KnigaRead.com/
KnigaRead.com » Разная литература » Прочее » Кузьма Петров-Водкин - Моя повесть-2. Пространство Эвклида

Кузьма Петров-Водкин - Моя повесть-2. Пространство Эвклида

На нашем сайте KnigaRead.com Вы можете абсолютно бесплатно читать книгу онлайн Кузьма Петров-Водкин, "Моя повесть-2. Пространство Эвклида" бесплатно, без регистрации.
Перейти на страницу:

    - Итак, я уезжаю.

    Осенью - осенний клев в Разбойщине. Осенняя листва отражается в Волге, и костер пригревает лучше в прохладные рассветы. И поленится Уткин поехать в Москву; а потом заведет козу, ребят и сделается отшельником. На выставках будут, как редкости, появляться его пейзажи вечерних раздумий, снежные узоры на окне, полные лиризма и нежности.

    Немного позднее к нашей компании присоединился М. Сарьян.

    Московское училище того времени, подталкиваемое общим движением вне его, вылезало из традиций покойного Прянишникова, оно уже являлось оппозиционным и к Академии, и отчасти к передвижникам. Говорю "отчасти", потому что один из столпов передвижничества, Н.А.Касаткин, был в числе профессуры и играл видную роль.

    Среди скромного состава руководителей, пожалуй, только двое имели определенные физиономии как педагоги: Касаткин и Пастернак.

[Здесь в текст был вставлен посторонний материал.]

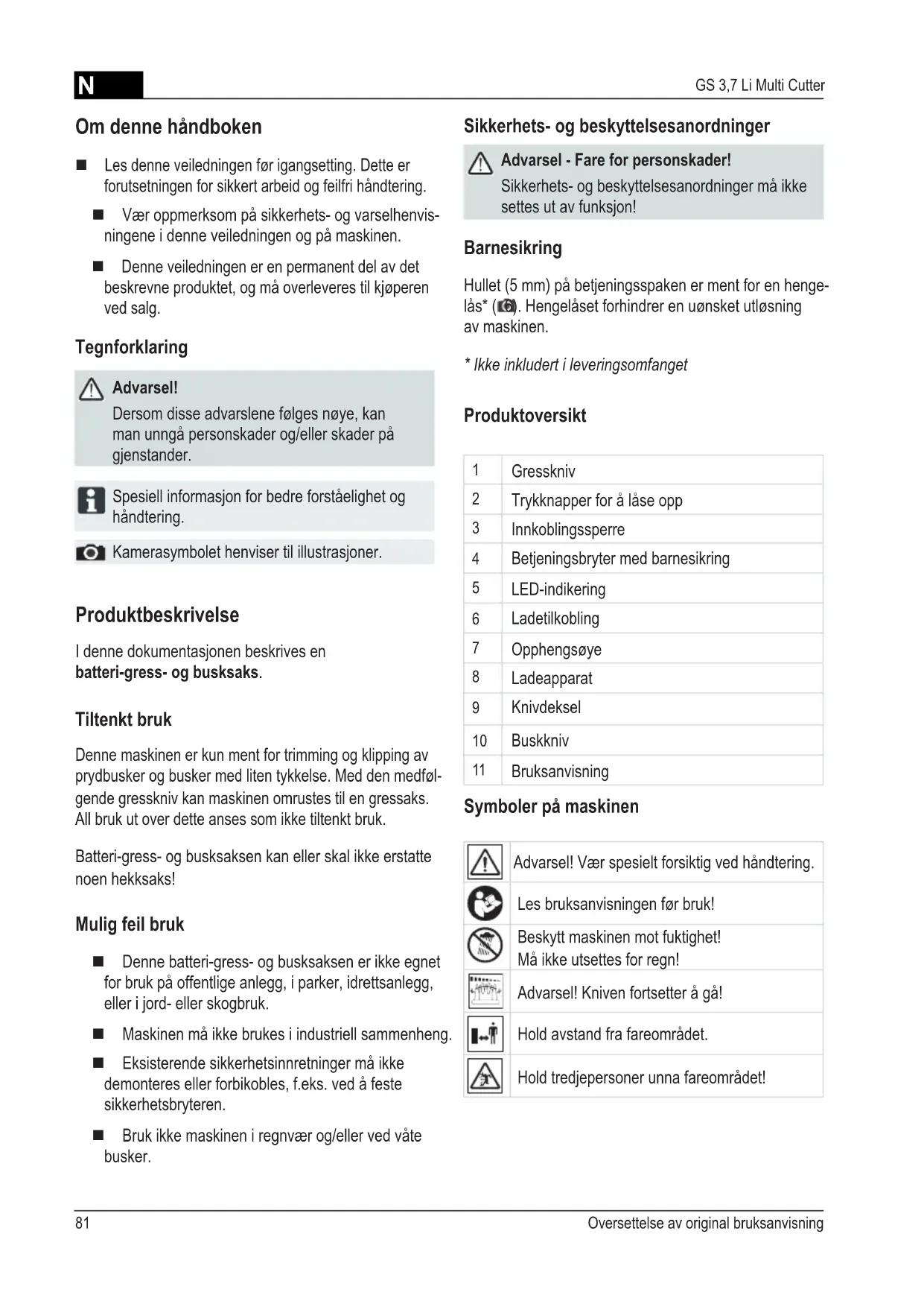 1)N Oversettelse av original bruksanvisning
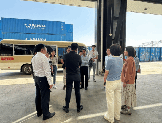 西安浐灞国际港管委会港口局干部高晓鹏对我校人员到来表示热烈欢迎,通过观看国际港务区的宣传片和整体规划模拟沙盘,高晓鹏生动介绍中欧班列西安集结中心的功能分布和建设运营情况,尤其是中欧班列(长安)号的运营现状以及班列在推动陕西深度融入共建“一带一路”中的重要作用。教师们和留学生通过实地参观中铁联集西安中心站的布局,感受内陆港设立的重大意义以及中欧班列在联通中国与世界中的桥梁与纽带作用。
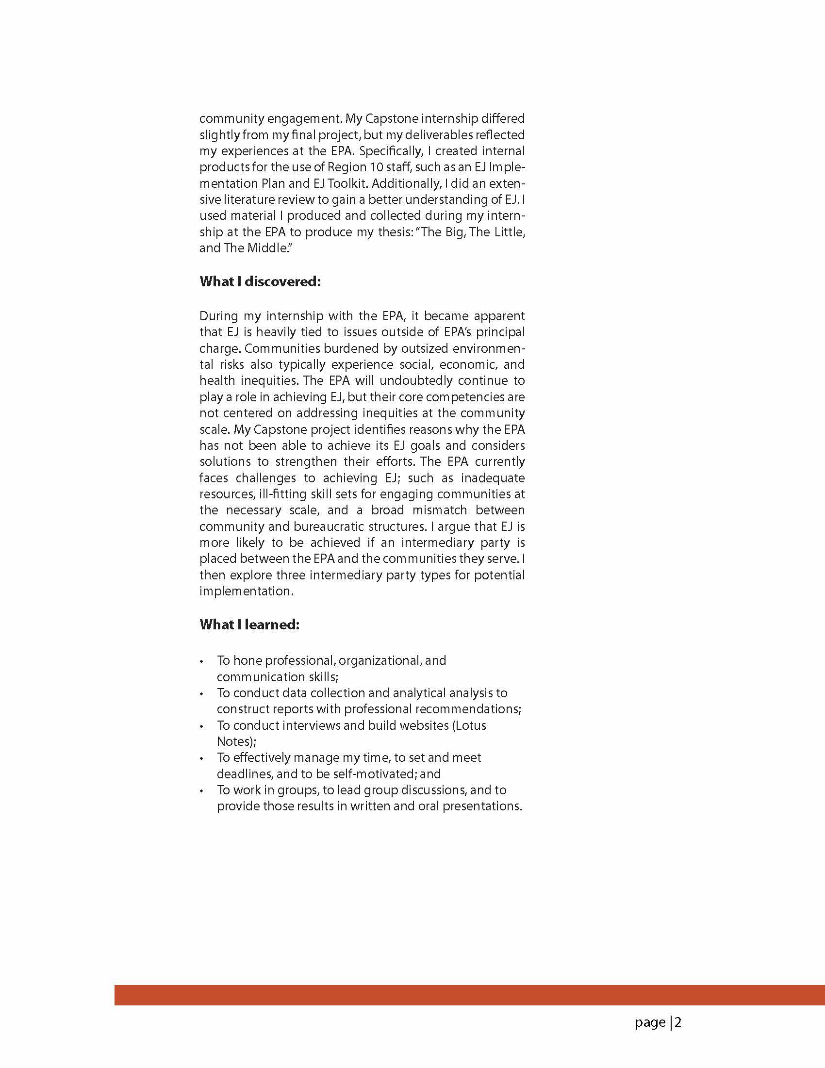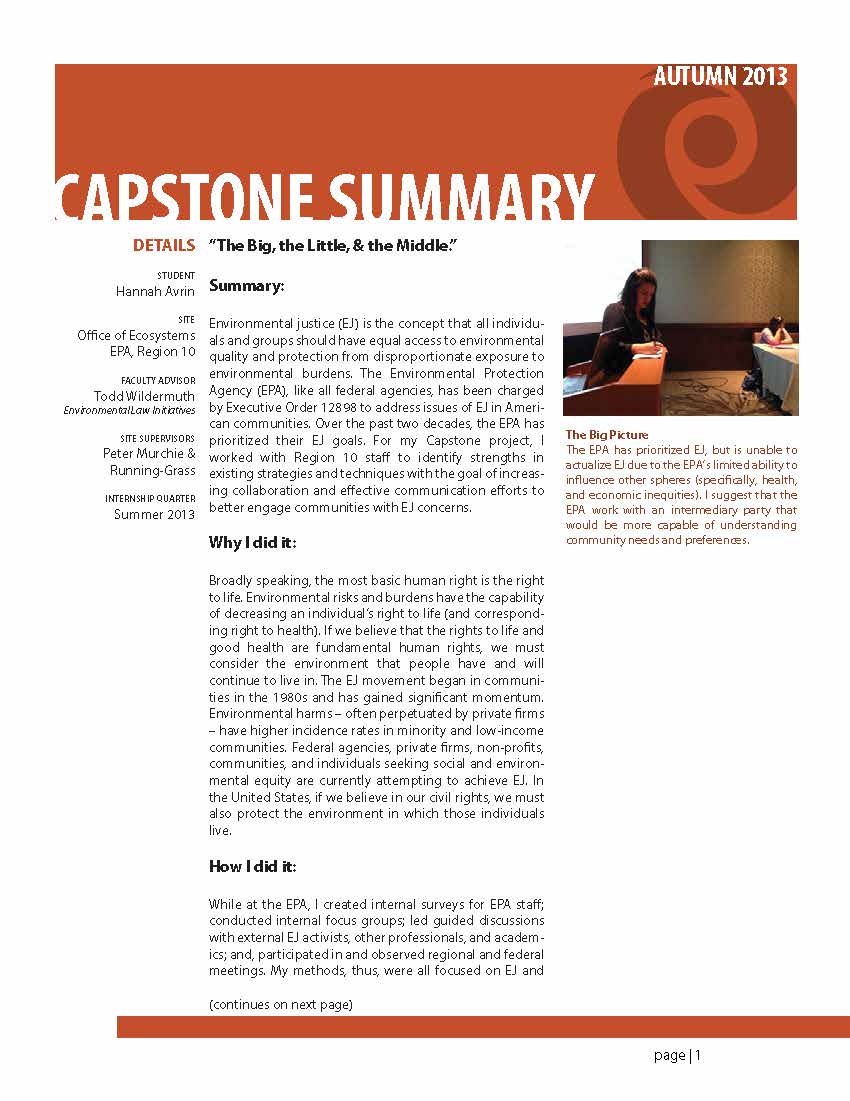 Environmental justice (EJ) is the concept that all individuals and groups should have equal access to environmental quality and protection from disproportionate exposure to environmental burdens. The Environmental Protection Agency (EPA), like all federal agencies, has been charged by Executive Order 12898 to address issues of EJ in Ameri- can communities. Over the past two decades, the EPA has prioritized their EJ goals. For my Capstone project, I worked with Region 10 staff to identify strengths in existing strategies and techniques with the goal of increasing collaboration and effective communication efforts to better engage communities with EJ concerns.
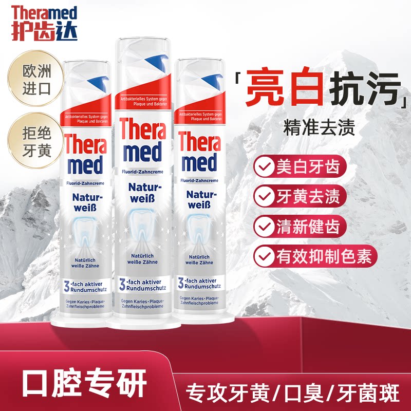 德国THERAMED护齿达美白汉高牙膏去黄去口臭含氟直立式按压牙膏
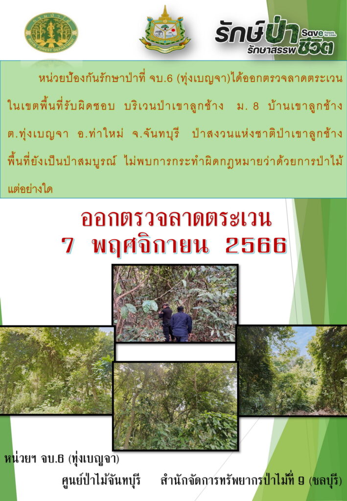 หน่วยป้องกันรักษาป่าที่ จบ.6 (ทุ่งเบญจา) ได้ออกตรวจลาดตระเวนในเขตพื้นที่รับผิดชอบ บริเวณป่าเขาลูกช้าง หมู่ที่ 8 บ้านเขาลูกช้าง ตำบลทุ่งเบญจา อำเภอท่าใหม่ จังหวัดจันทบุรี อยู่ในเขตป่าสงวนแห่งชาติป่าเขาลูกช้าง พื้นที่ยังเป็นป่าสมบูรณ์ ไม่พบการกระทำผิดกฎหมายว่าด้วยการป่าไม้แต่อย่างใด
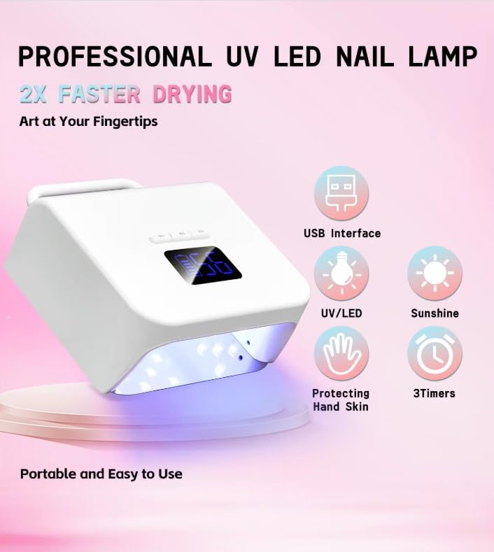 - مجفف أظافر احترافي: يتميز بقدرة 220 وات من الطاقة تضمن معالجة سريعة وفعالة، ومناسبة لجميع طلاء الأظافر الجل.
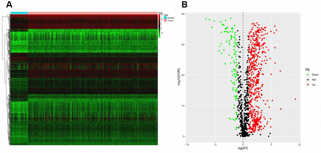 The mRNA levels of 2498 IRGs in ccRCC (n = 539) and normal kidney tissues (n = 72) in The Cancer Genome Atlas (TCGA) were examined, and these values were compared through the Wilcoxon signed-rank test. This analysis revealed 681 differentially expressed IRGs (DEIRGs), including 565 genes that were upregulated and 116 genes that were downregulated in ccRCC tissues compared with normal kidney tissues (false-discovery rate [FDR] < 0.05, |log2 fold-change [FC]| > 1) (Figure 1).
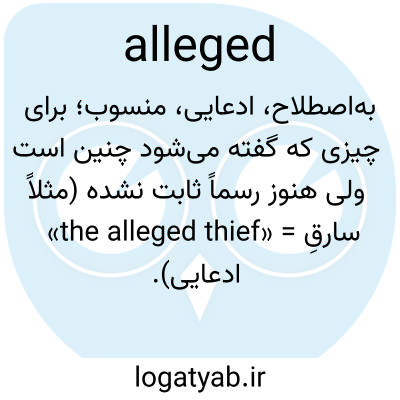 به‌اصطلاح، ادعایی، منسوب؛ برای چیزی که گفته می‌شود چنین است ولی هنوز رسماً ثابت نشده (مثلاً «the alleged thief» = سارقِ ادعایی).

    Аккуратный до минуты в занятиях, Касаткин умел напрягать внимание ученика. Бытовая и психологическая выразительность были его основными устремлениями, к которым он вел и нас. Суровая честность человека, охваченного натурализмом, была в Николае Алексеевиче. И по внешности, до тонко сжатых губ, казался он закованным в натуралистическую неизбежность. Словно когда-то, раз в жизни, пришибло его какое-то мерзкое, непоправимое событие и обезрадостило для него окружающее, и только эту одну сторону он и видел в нем. Натура потеряла стиль и многообразие выразительности. И весь свой живописный талант и деятельность чувств Касаткин подчинил этому.

    В те дни мне нравилось заниматься у него, внимательно, по сантиметру ощупывать покровы человеческой кожи и заражаться подвижнической суровостью руководителя.

    Но тогда вошло в моду темпераментное письмо, и на следующем этапа я попадаю в лапы этого приема с уширением до лопаты кистей и со швырянием па холст краски.

    Пастернак - это мюнхенский модернист. В преподавании рисунка он был одержим Францем Штуком, а в живописи - вошедшим тогда в моду Цорном. Остановкой на немцах он, пожалуй, приносил пользу, сдерживая наши преждевременные порывы за границу Эльзас-Лотарингии, к безумцам цвета и формы - французам.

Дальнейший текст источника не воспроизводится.